# HELP!!! We Need to Find a RELIABLE DOG BOARDING SVCE.



## Tonihil

Hello ~

I just recently moved here to the Holland Village area. I have (2) female Mini Dachshund Smooths. 

My husband wants to book a trip to Thailand in a couple months for a week excursion. :clap2:

However, he won't do it, until we find a REPUTABLE & RELIABLE dog boarding facility. And, I definitely agree. All we are trying to do is find a service that can take care of our girls, make sure they are fed, walked, cared for, and are not neglected or abused. We don't want to take chances with our babies. We would like to find someone that has had a good experience with dog boarding/kenneling service. 

We just don't know where to go or who to trust. :noidea:

And, we prefer for them to be kenneled together, not to be walking around the facility like a baby-sitting type service. We also don't want in-home care. 

We are also looking into a Doggy Day Care Service also, in case I need to visit home and he has to work and care for our girls by himself without me.

These are some of the following we are looking at:

Rected Kennels
Woofwalkies
K9 Boarding & Camp (Turf City)
Mutts & Mittens
Best Pet Services
Dog Story Daycare (Day Care Only)


Is there anyone here who has some experience and can recommend a facility to us please?

We love Singapore,  but we would like to see some more of Asia, while we are here.
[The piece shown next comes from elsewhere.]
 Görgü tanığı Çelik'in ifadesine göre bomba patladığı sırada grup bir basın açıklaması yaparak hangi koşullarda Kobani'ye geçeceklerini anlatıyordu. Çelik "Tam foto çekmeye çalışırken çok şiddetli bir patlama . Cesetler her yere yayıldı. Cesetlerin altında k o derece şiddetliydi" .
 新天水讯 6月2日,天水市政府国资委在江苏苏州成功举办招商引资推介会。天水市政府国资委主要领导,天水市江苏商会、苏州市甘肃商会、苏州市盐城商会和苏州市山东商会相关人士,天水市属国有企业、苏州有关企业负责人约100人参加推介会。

But we don't want to put our babies at risk. 

Any suggestions, would be greatly appreciated. 

Please help us... :help:

I am anxiously awaiting your replies.


----------



## MaidenScotland

Hi,

Why not find a housesitter who will look after your dogs?
The dogs will not be take out of their environment plus your house is being looked after as well.

Maiden


----------



## Tonihil

*No Thank You*

Hi,

Thank you for your response. 

That would not work. Our mini-dachsies love and need companionship a lot during the day. I stay home for the most part. Our babies sleep with us and they get a light bath and brushed every week. If I considered having someone come in to house-sit. They would need to really HOUSE SIT. Meaning, they would need to stay the duration of the time we are gone. 

I lived in Texas, before I moved here. Whenever we needed someone to come and watch our babies, we always had either a family member come and stay at our house, water the plants, etc. We always stocked our refrigerator, so they could have anything they wanted to eat. Plus, using our house was like an escape or vacation to them. Then upon our return, we always paid them and gave them a souvenir from our adventure. 
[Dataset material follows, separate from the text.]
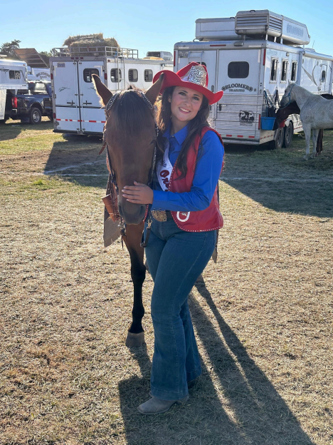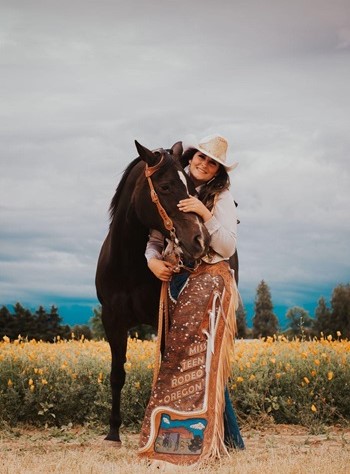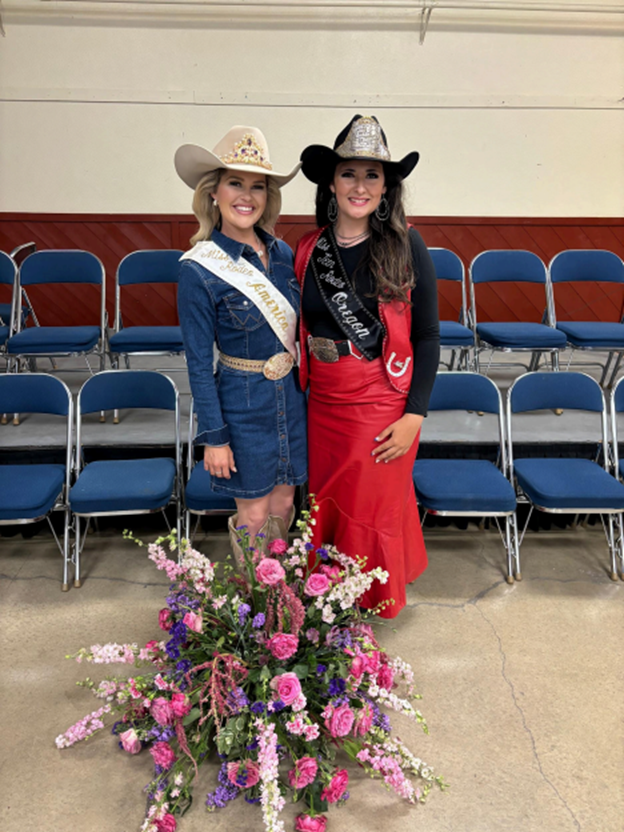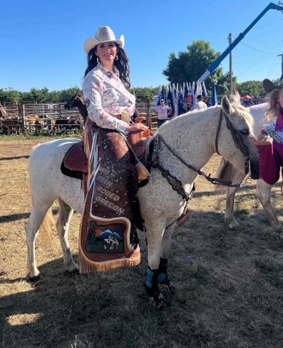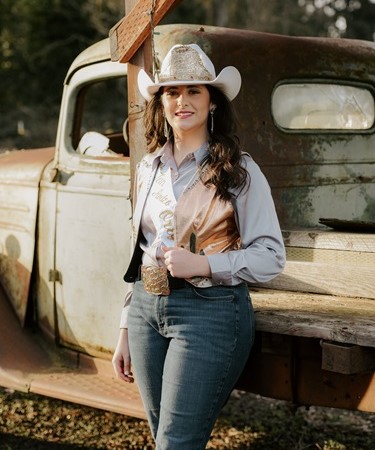 Hallie has always loved horses and the sport of rodeo; she has dreamed of being a rodeo queen since she was young, thanks to her aunt Amy Willams who was the 2008 Molalla Buckaroo Queen. Hallie competes at the Northwest Youth Rodeo Association where she does Barrel Racing and Pole Bending and where she also served as their 2023 Queen.

Now, I don't know anyone here who would be willing to do that and I don't know anyone well enough to trust them to be in our house for that long a time period. Plus, it would most likely be extremely expensive to hire someone to do that.
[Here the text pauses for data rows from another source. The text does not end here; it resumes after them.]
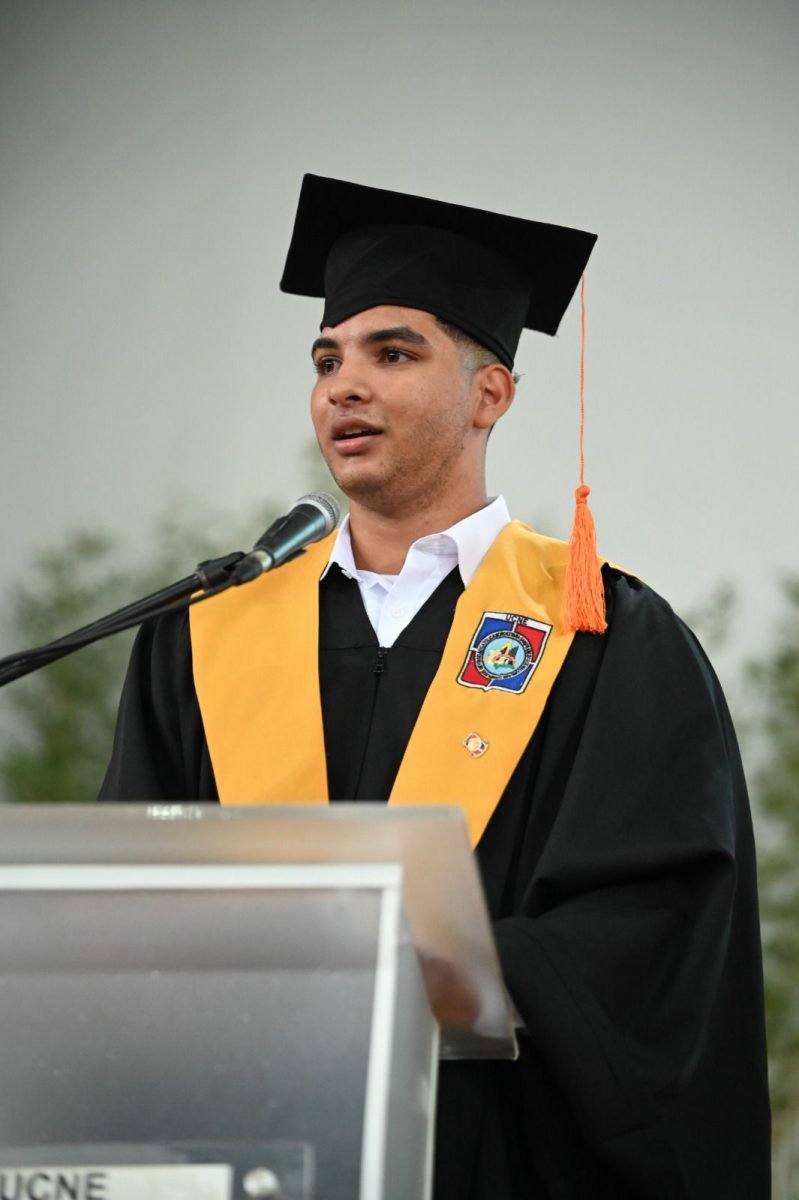 Las palabras de gratitud estuvieron a cargo de Jean Marcos Valdez Cascante, licenciado en Contabilidad, summa cum laude, quien expresó agradecimiento a los maestros, familiares y a la UCNE, por ser guía y apoyo durante el proceso formativo.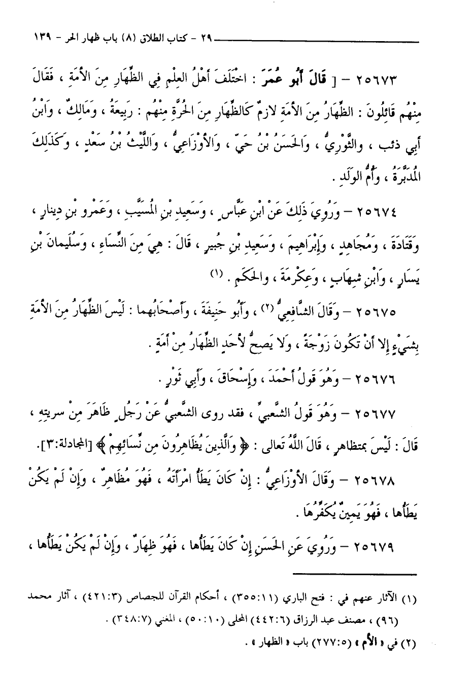 25675 - وَقَالَ الشَّافِعِيُّ: وَأَبُو حَنِيفَةَ، وَأَصْحَابُهُمَا: لَيْسَ الظِّهَارُ مِنَ الْأَمَةِ بِشَيْءٍ إِلَّا أَنْ تَكُونَ زَوْجَةً، وَلَا يَصِحُّ لِأَحَدٍ الظِّهَارُ مِنْ أَمَةٍ.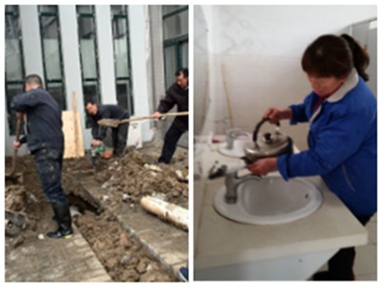 1月22日开始的一场罕见寒潮来袭,气温骤降到零下10度以下,为保证校园运转,按照省、合肥市政府文件精神和院领导的部署,后勤部门积极筹划,后勤各部门、各物业公司一方面开展正常维修维护,另一方面加强防寒防冻,准备防冻剂、清扫积雪工具、关闭门窗、水阀,加强巡查,严防死守。然而肆虐的寒潮还是给我们带来不少的麻烦,北一区和北区8号楼住宅楼水管爆裂,一期校园1号教学楼二楼卫生间水阀爆裂、校园主水管泄露、留学生公寓外围消防水管破裂,体育馆、图书馆消防管道和公寓楼学生宿舍多处水管被冻裂等等,告急不断。险情就是命令,后勤人员不畏严寒,哪里需要就奋战在哪里,不分昼夜。他们冒着大雪,加班加点,开挖地面,在冰冷刺骨的寒水中一干就是几个小时,检修更换,排除问题,为校园正常运转默默工作着。

That is why we only want to board and kennel our girls. 

Do you have someone you could recommend please?


----------



## simonsays

You could always hire a maid .. or do you have a maid who refuses to take care of dogs ?? If you maid refused to take care of the dogs, I guess it is Time to change the maid I guess ..

Well, while there is a certain allergy to maids neglecting their duties when the bosses are out of town, I do know that those are the minority. There are a lot of dedicated maids, who opt to fore-go their off days, in lieu of an extended vacation when they go on holiday.

And I do know that a few maids are allergic to taking care of dogs .. 

Cheers


----------



## pennyndean

*I'd like to help!*

I know exactly how you feel. My husband and I recently moved to Singapore from Australia and are having the same problems.

Your dogs are welcome to stay with us. We live with two beautiful mini schnauzers who would be happy to have a couple of doggie visitors. I'm at home 24/7 and we have a nice little garden.

Let me know if your interested and we'll work out a meet and greet.

Cheers,
Penny


----------



## Tonihil

*That sounds like a great idea!!!*

Penny ~

I just read your response to my husband, and he and I like your idea. :clap2:

Currently, we are using K9 Kulture in Turf City for doggy daycare and will most likely use them for boarding next month while we visit Thailand. We have been happy with their service. 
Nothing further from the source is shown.